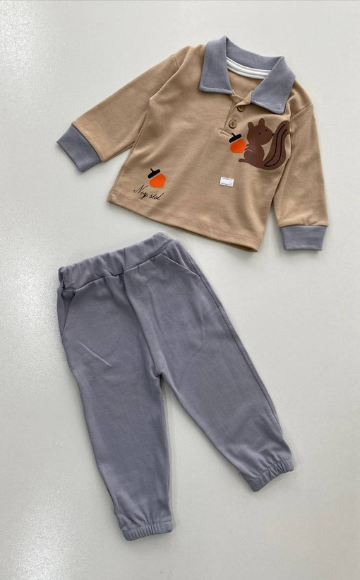 بلوز شلوار یقه دار سنجاب نوزادی پسرانه
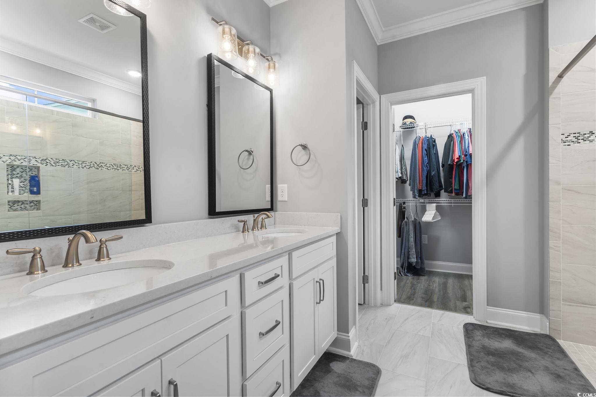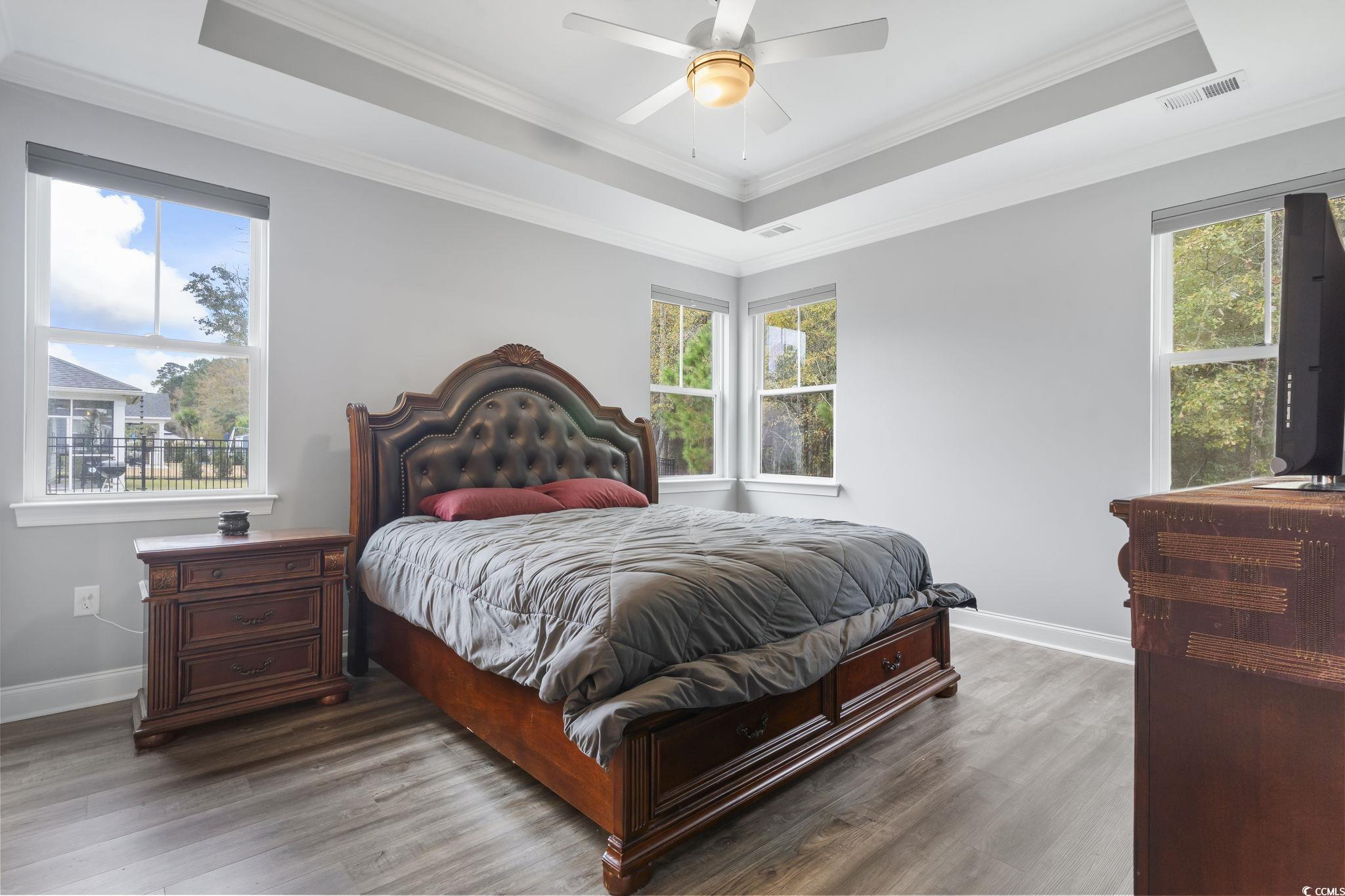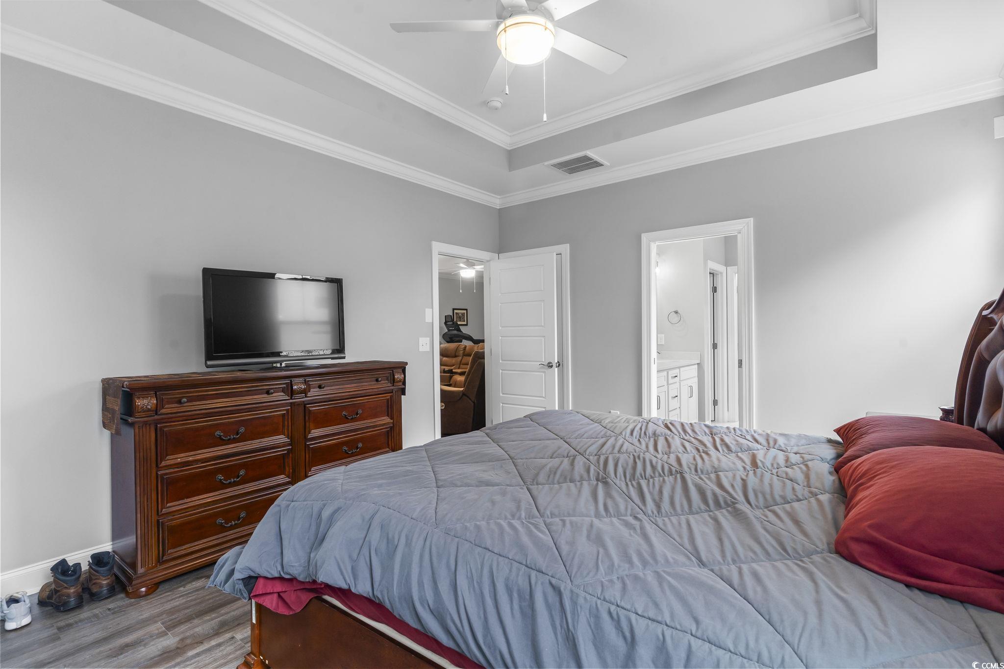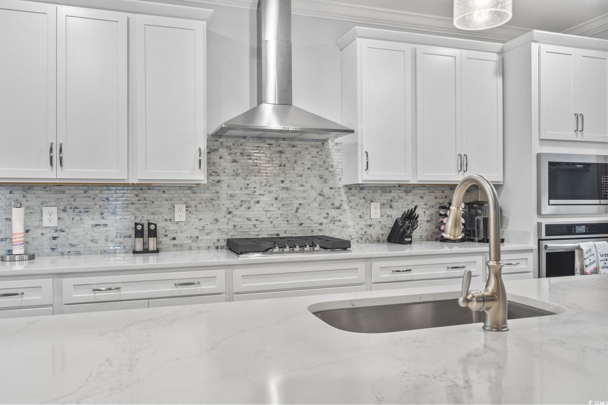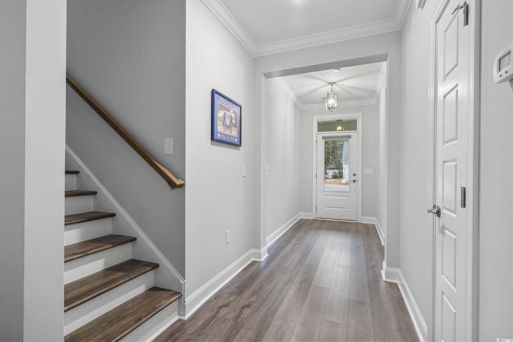 Located in Caroline Court, a boutique community of just 20 homesites, this thoughtfully designed home offers a rare 3-car garage, 4 bedrooms, 3 full baths, and a spacious bonus room, all in a highly desirable and quiet part Murrells Inlet. An extra large driveway and welcoming front porch leads into an open-concept layout designed for comfortable everyday living and easy entertaining. Luxury vinyl plank flooring runs throughout the main living areas, enhancing both durability and style. The large family room flows seamlessly into the kitchen and overlooks the covered rear porch, creating an ideal protected outdoor space. The kitchen is a true centerpiece, featuring quartz countertops, an 8-foot island, generous cabinetry, and ample workspace; perfect for gathering, cooking, and hosting. The open layout keeps the kitchen connected to the main living area while maintaining functionality. The primary suite, located on the main level, provides a private retreat with a well-appointed ensuite bath featuring dual sinks and an enormous tiled shower. Two additional bedrooms and a full bath on the main level offer flexibility for guests, office space, or hobbies. Upstairs, you'll find an additional bedroom, a full bath, and a large bonus room, ideal for a media room, game room, or flexible living space. The attached 3-car garage is a standout feature, offering room for vehicles plus a golf cart, beach chairs, and storage, making it well suited for coastal living. This home is just moments from the public boat landing at Waccamaw Marina, approximately 5 minutes to the Murrells Inlet Marsh Walk, and a few minutes to Huntington Beach State Park or Garden City Beach. Myrtle Beach and Pawleys Island are each about 20 minutes away, while Charleston is approximately 75 miles south. Schedule your private tour today. Measurements are approximate and to be verified by buyer.
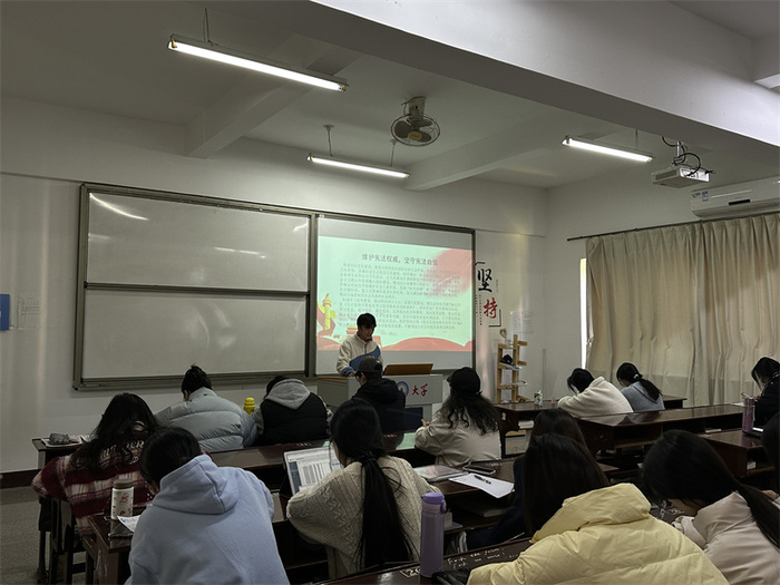 12月18日,英国beat365官方网站学生党支部于普照楼203 开展“维护宪法权威,坚守宪法自信”主题党课,支部全体学生党员参加。
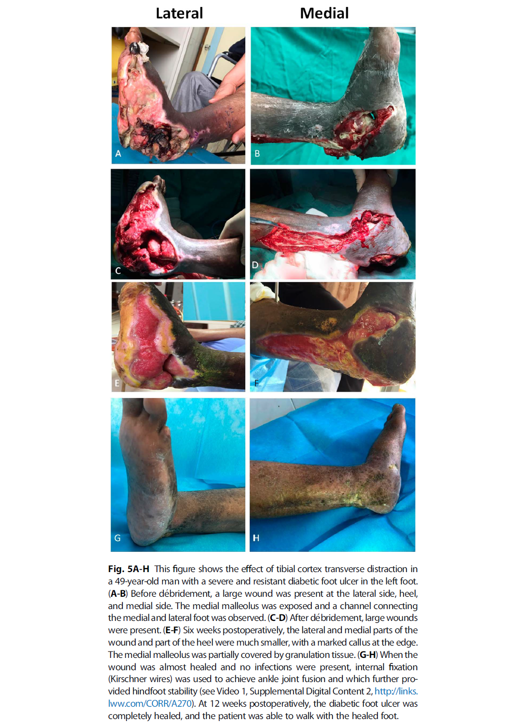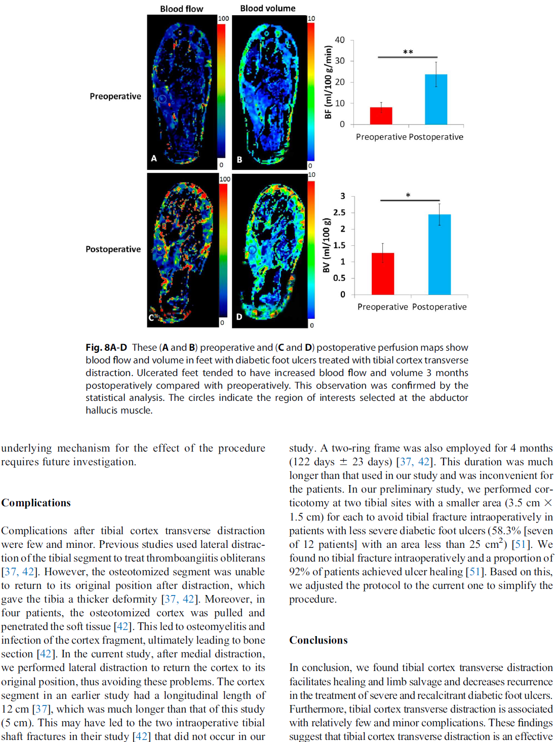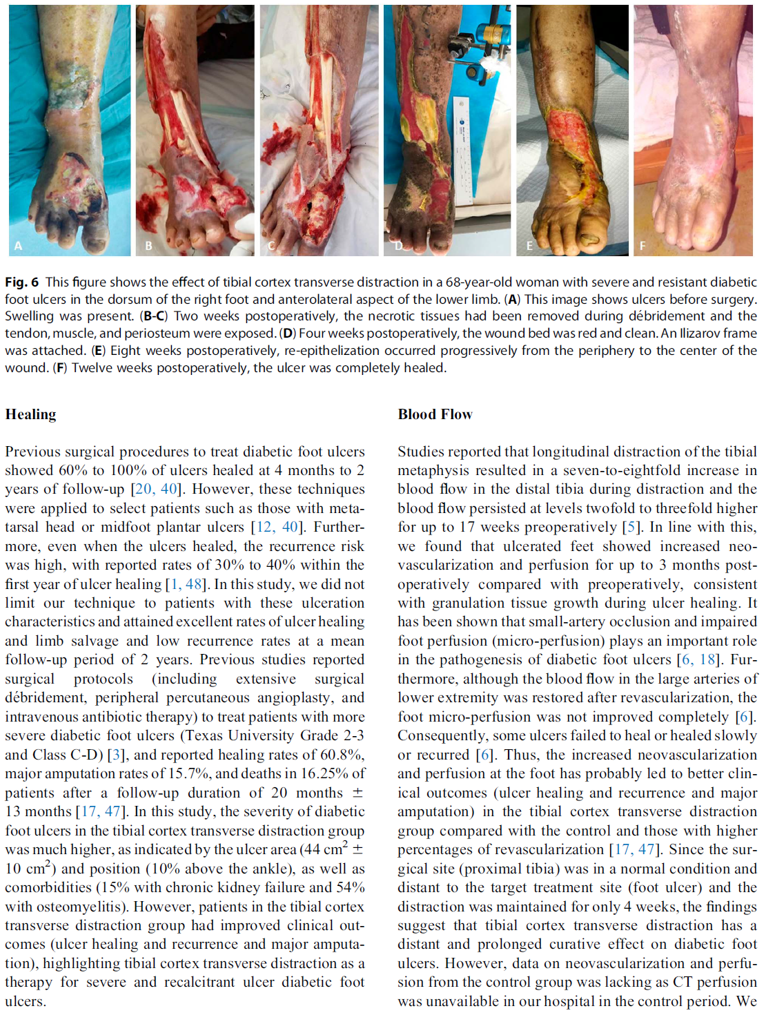 在此项临床研究中,该团队于2014年7月至2017年3月间,对136例Texas分级2B至3D的患者(溃疡平均面积为44cm2±10cm2)进行胫骨横向骨搬移手术,术后患者仅接受常规换药处理及标准护理措施,并将这些患者与在2011年5月至2013年6月之间采用标准外科手术治疗的137例重度糖尿病足患者进行了比较,这些患者接受了清创,血运重建,局部或游离皮瓣或移植重建手术以及负压伤口等治疗手段。
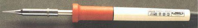 Éste es el clásico soldador de tipo lápiz, de 30w. Su calentamiento es permanente y posee una alta inercia térmica. Tanto en el momento de la soldadura como en las pausas de esta labor, el soldador permanece conectado a la corriente eléctrica. Resulta adecuado para trabajos repetitivos y numerosos.
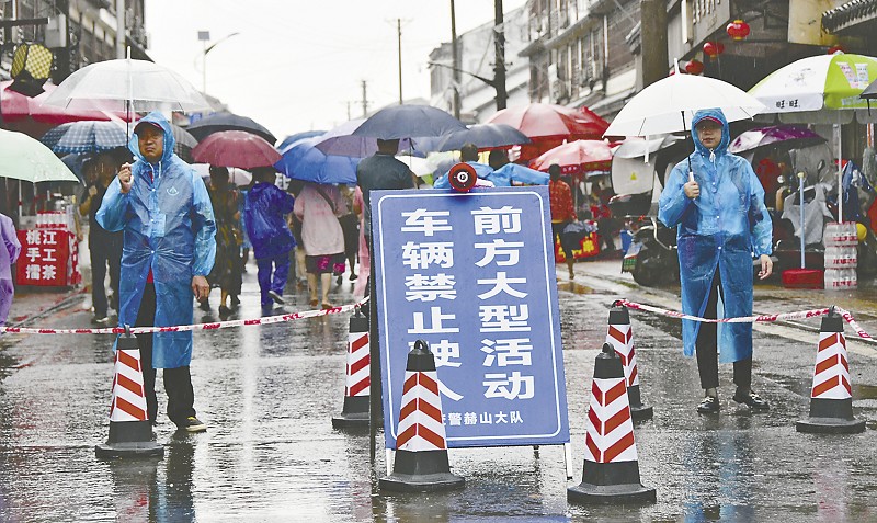 从“百米”龙舟登江到端午节当天表演赛正式举行,平均每天都有超5万游客来到兰溪,虽然人多拥挤,但看到交警、城管、民兵、志愿者等在现场值守,维持秩序,所有人都觉得安心、暖心。

○ ○ ○

Instructions for the task
Where the line containing "Éste es el clásico" appears, begin copying there and continue exactly through the final line of the records; both end lines belong in the copy, pictures do not.

Task output
 Éste es el clásico soldador de tipo lápiz, de 30w. Su calentamiento es permanente y posee una alta inercia térmica. Tanto en el momento de la soldadura como en las pausas de esta labor, el soldador permanece conectado a la corriente eléctrica. Resulta adecuado para trabajos repetitivos y numerosos.
 从“百米”龙舟登江到端午节当天表演赛正式举行,平均每天都有超5万游客来到兰溪,虽然人多拥挤,但看到交警、城管、民兵、志愿者等在现场值守,维持秩序,所有人都觉得安心、暖心。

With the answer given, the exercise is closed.